Statistical analysis
Statistical analysis in this study was conducted using Prism 9 (GraphPad, USA). Each experiment was carried out in triplicate with three sets of biological samples. One-way analysis of variation (ANOVA) with Tukey’s post hoc test was performed for multi-sample experiments with one variable. Two-way ANOVA with Tukey’s post hoc test was performed for multi-variable analyses. All results are expressed as mean ± SD.
Results
The physiological level of quercetin is an inducer of bacterial pathogen resistance
It has been reported that bacterial pathogen resistance is induced by flavonoids such as rutin, naringenin, kaempferol and quercetin.Citation11–14 To test pathogen resistance, excessive concentrations of quercetin are used in the previous report.Citation14 The concentration of quercetin can be increased up to approximately 100 µM by pathogen infection or laser irradiation.Citation31,Citation32 To test whether the physiological level of quercetin can induce bacterial pathogen resistance, we examined the pathogen resistance against Pseudomonas syringae pv. tomato DC3000 (Pst DC3000) after treatment with 100 µM quercetin. As a result, we found that the proliferation of Pst DC3000 was inhibited by the pre-treatment of quercetin (). This result suggests that quercetin induces pathogens resistance at the physiological concentration. To test whether quercetin-mediated pathogen resistance at the physiological level of concentrations is related to the expression of PR genes, we analyzed the transcript levels of PR genes after treatment with 100 µM quercetin. Interestingly, the gene expressions of PR1 and PR2 were 35.6-fold and 16.2-fold up-regulated by the treatment with quercetin, respectively (). Taken together, these results suggest that quercetin induces pathogen resistance by transcriptional up-regulation of PR genes at the physiological level of concentrations.

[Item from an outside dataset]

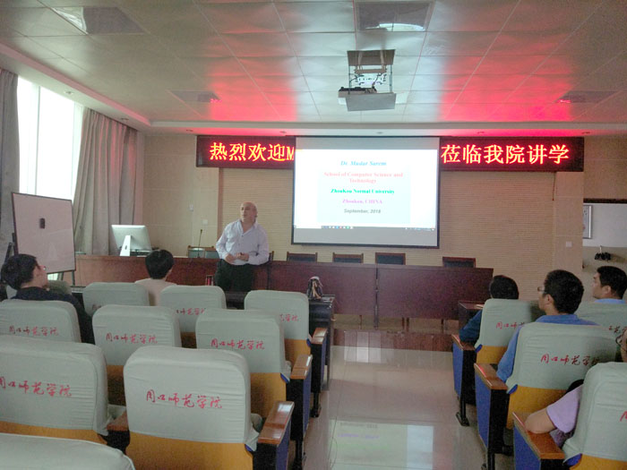 华中科技大学Mudar Sarem教授做报告 9月25日,应73882必赢网页版邀请,华中科技大学Mudar Sarem教授来73882必赢网页版进行学术交流。 下午3:00,Mudar Sarem教授在四楼会议室作了题为《软件工程方法及软件测试》的学术报告,报告会由73882必赢网页版院长周文刚教授主持,73882必赢网页版全体教职工及软件工程专业部分学生代表共60余人参加了报告会。报告中,Mudar Sarem教授从软件工程与其他工程领域性质的区别入手引入了软件工程学科的特点,详细介绍了软件生命周期、软件设计方法及软件测试策略。Mudar Sarem教授深厚的学术造诣引起了在座师生的浓厚兴趣。 Mudar Sarem 教授为叙利亚GORSF研究组织研究员,华中科技大学博士,华中科技大学软件学院访问教授,负责硕士和博士论文写作等课程,协助指导多名硕士和博士研究生,主要研究方向为软件工程,发表相关学术论文80多篇,为多个学术期刊的审稿专家和会议程序委员会委员。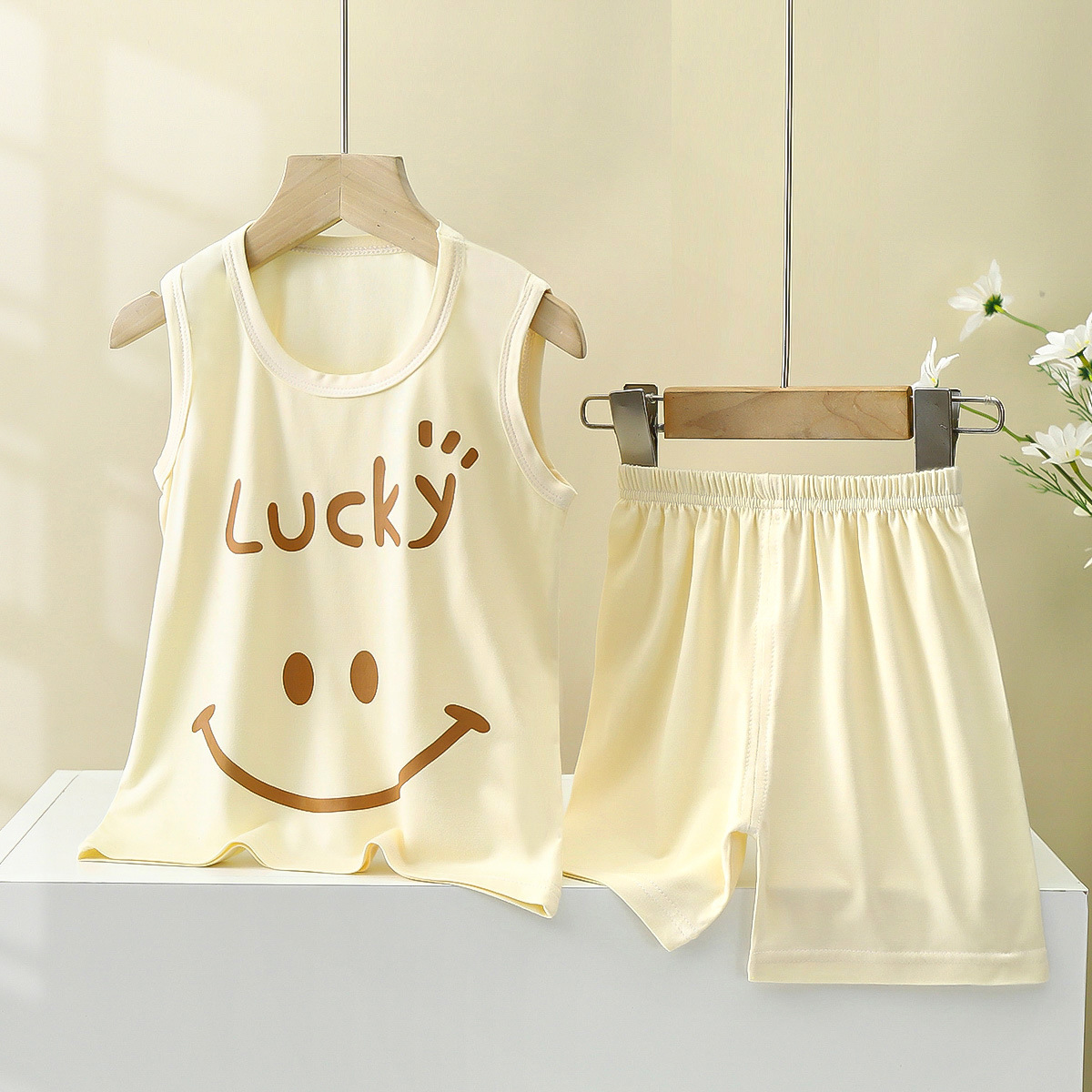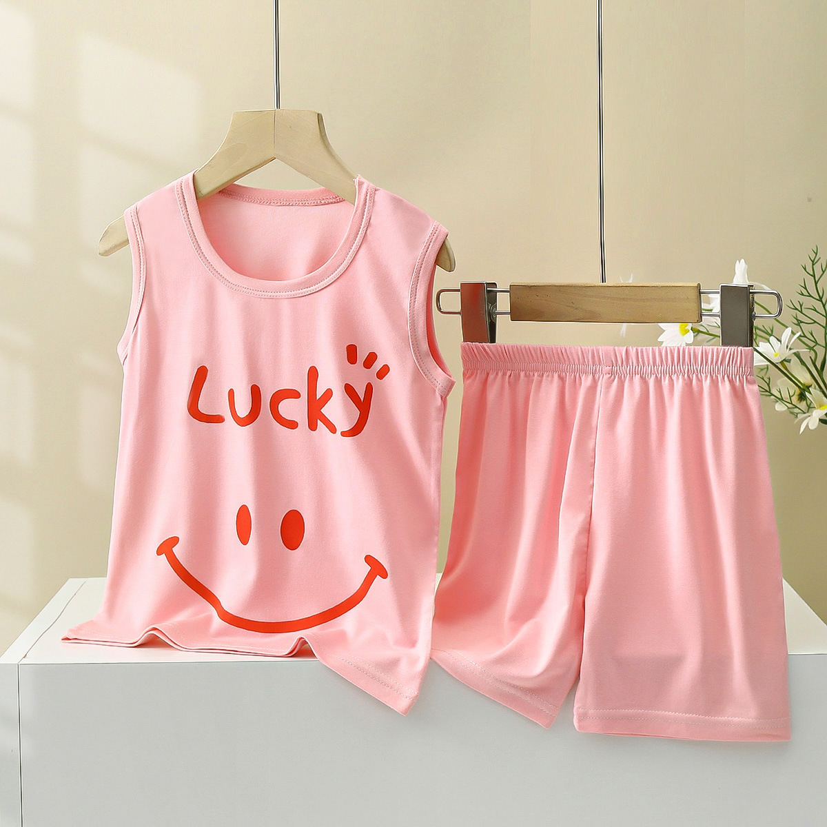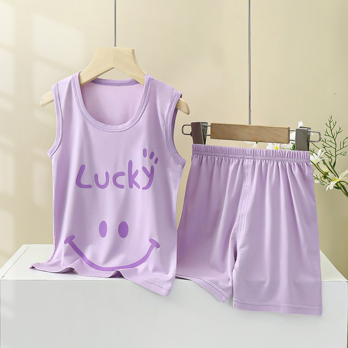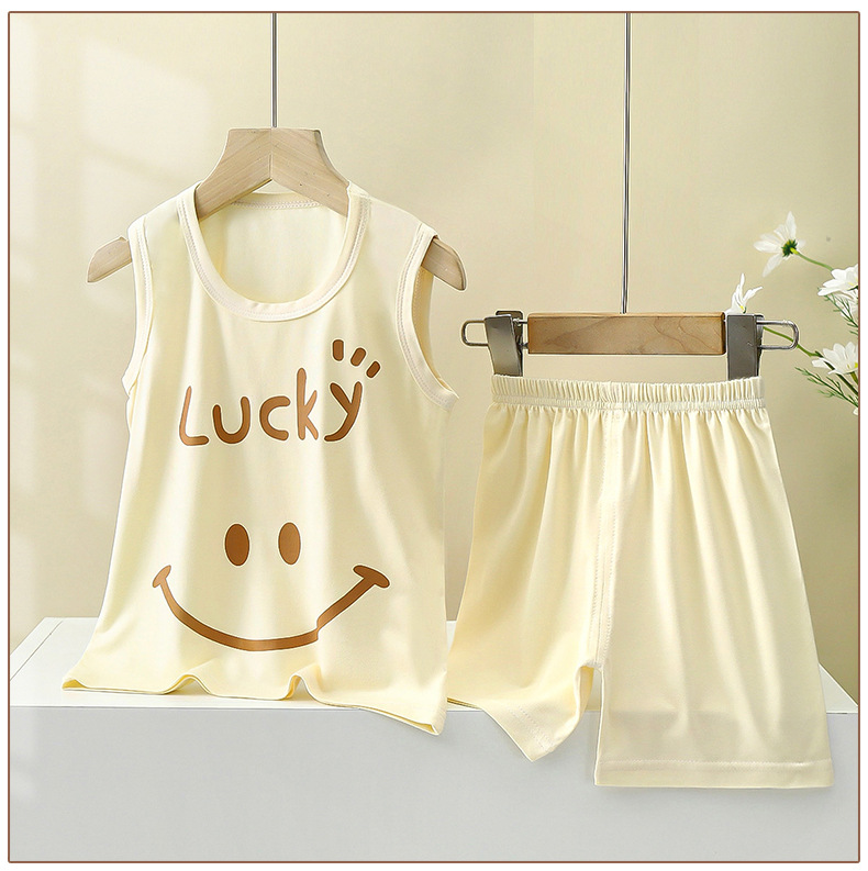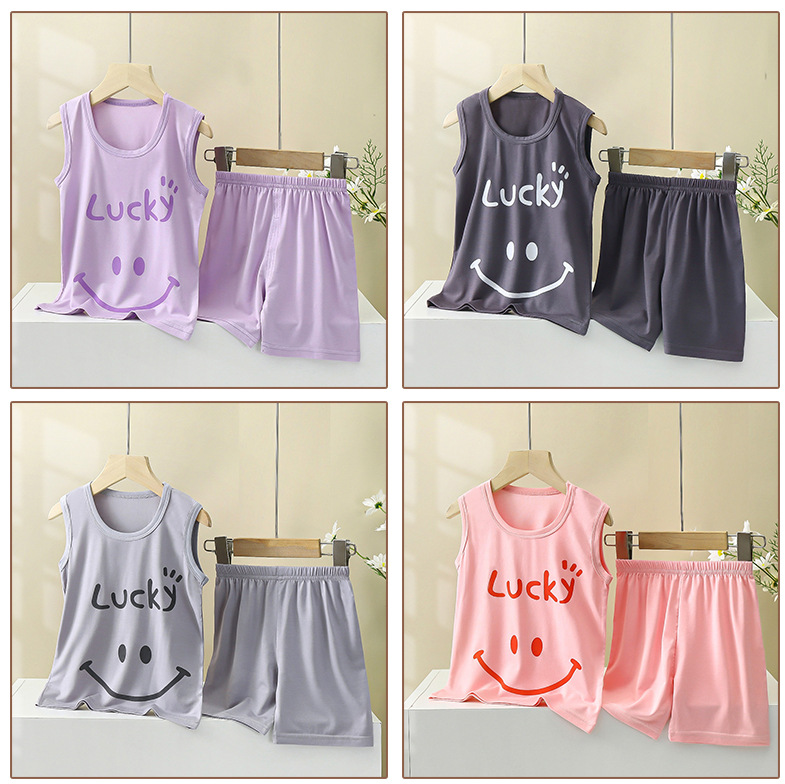 맞춤형 어린이 모달 조끼 정장 여름 소년 민소매 가정 의류 소녀 서스펜더 잠옷 아기 아동 의류

Figure 1. Quercetin induces an effective pathogen resistance against Pst DC3000. (a) the bacterial growth in Col-0 plants. Two days before the infiltration of Pst DC3000, four-week-old plants were infiltrated with 0.5 µM flg22 or 100 µM quercetin. Bars represent mean values (SD) of colony-forming units (CFU) per square centimeter from biological replicate samples derived from different plants. Different letters indicate significant differences (P < .001) tested by two-way ANOVA with Tukey’s post hoc test. (b, c) qPCR analysis of PR1 and PR2 transcription levels in Col-0 plant treated with 0.5 µM flg22 or 100 µM quercetin for 24 h. The relative gene expression level was normalized to that of the tubulin internal control. Error bars indicate the SD of three biological replicates. Different letters indicate significant differences (P < .05) tested by one-way ANOVA with Tukey’s post hoc test.
The monomerization and nuclear translocation of NPR1 is induced by quercetin
The activation of NPR1 is due to the conformational change from oligomeric form to monomeric form, which is induced by the direct binding to SA.Citation24,Citation33 The monomerization of NPR1 is involved in the transcriptional up-regulation of PR genes.Citation21 To investigate whether quercetin induces the monomerization of NPR1, we examined the level of NPR1 monomer by immunoblot. As previously reported, the oligomeric form of NPR1 is highly detected before the treatment with quercetin. However, the monomeric form of NPR1 is accumulated by the treatment with quercetin (). This result suggests that NPR1 is monomerized by quercetin.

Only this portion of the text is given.